• [Work instructions] Return exactly the span of lines in the following data that opens with the line containing "Mini-villa met wat" and closes with the line containing "Pendientes de Aro". Include nothing else.

• [Source material]
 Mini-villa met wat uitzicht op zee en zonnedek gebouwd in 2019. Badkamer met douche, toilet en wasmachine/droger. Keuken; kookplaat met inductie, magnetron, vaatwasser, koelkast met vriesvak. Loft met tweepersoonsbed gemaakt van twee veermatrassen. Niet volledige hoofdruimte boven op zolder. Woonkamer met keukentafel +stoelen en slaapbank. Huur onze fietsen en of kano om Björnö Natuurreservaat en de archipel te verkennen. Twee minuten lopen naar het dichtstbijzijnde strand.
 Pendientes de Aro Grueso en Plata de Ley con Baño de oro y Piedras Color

...

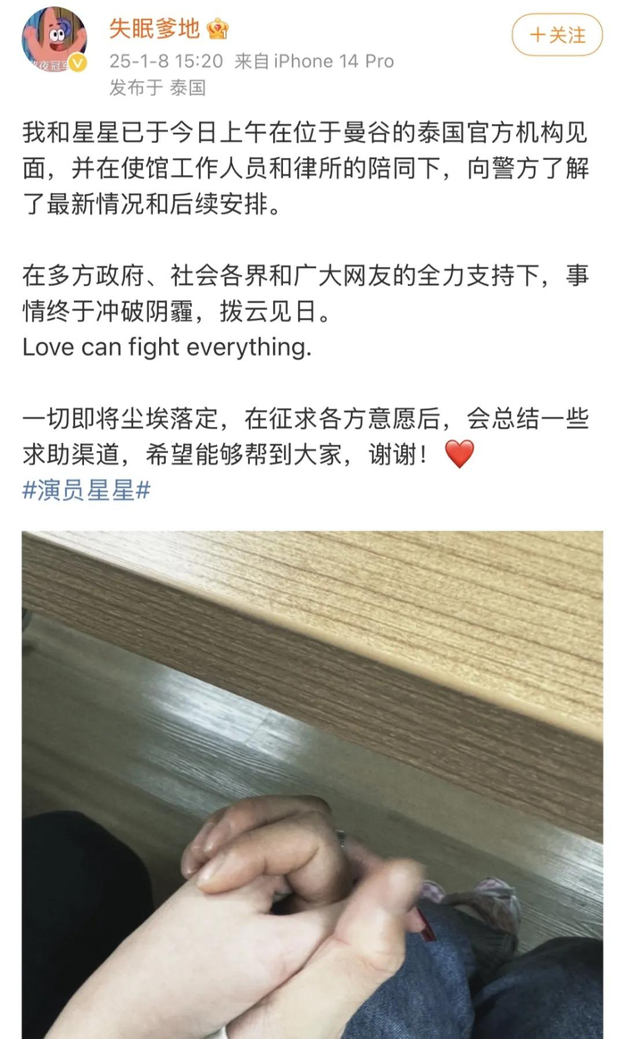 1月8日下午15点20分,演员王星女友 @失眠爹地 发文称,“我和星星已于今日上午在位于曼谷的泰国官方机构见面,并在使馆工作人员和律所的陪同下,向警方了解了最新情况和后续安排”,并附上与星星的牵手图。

==

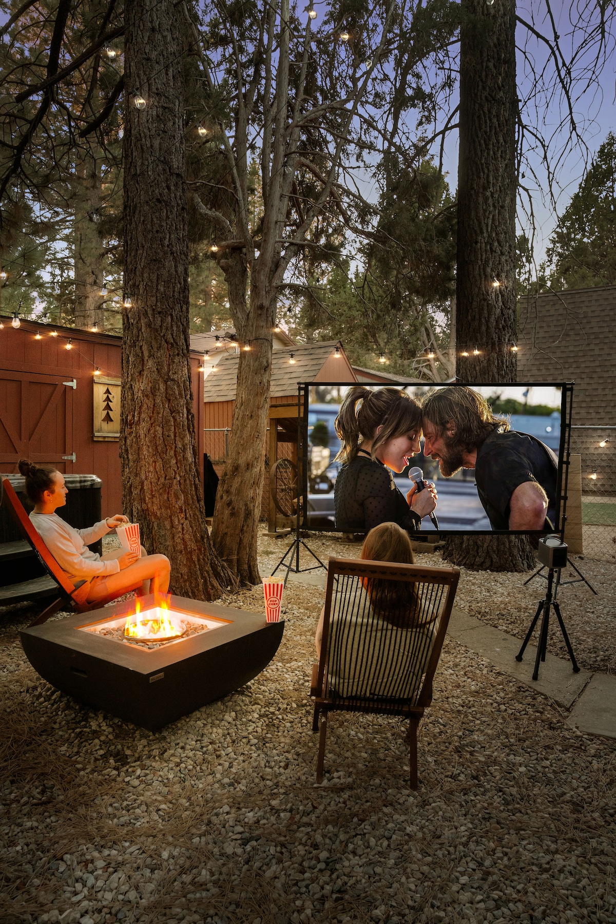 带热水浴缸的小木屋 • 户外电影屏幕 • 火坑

• [Reply to the exercise]
 Mini-villa met wat uitzicht op zee en zonnedek gebouwd in 2019. Badkamer met douche, toilet en wasmachine/droger. Keuken; kookplaat met inductie, magnetron, vaatwasser, koelkast met vriesvak. Loft met tweepersoonsbed gemaakt van twee veermatrassen. Niet volledige hoofdruimte boven op zolder. Woonkamer met keukentafel +stoelen en slaapbank. Huur onze fietsen en of kano om Björnö Natuurreservaat en de archipel te verkennen. Twee minuten lopen naar het dichtstbijzijnde strand.
 Pendientes de Aro Grueso en Plata de Ley con Baño de oro y Piedras Color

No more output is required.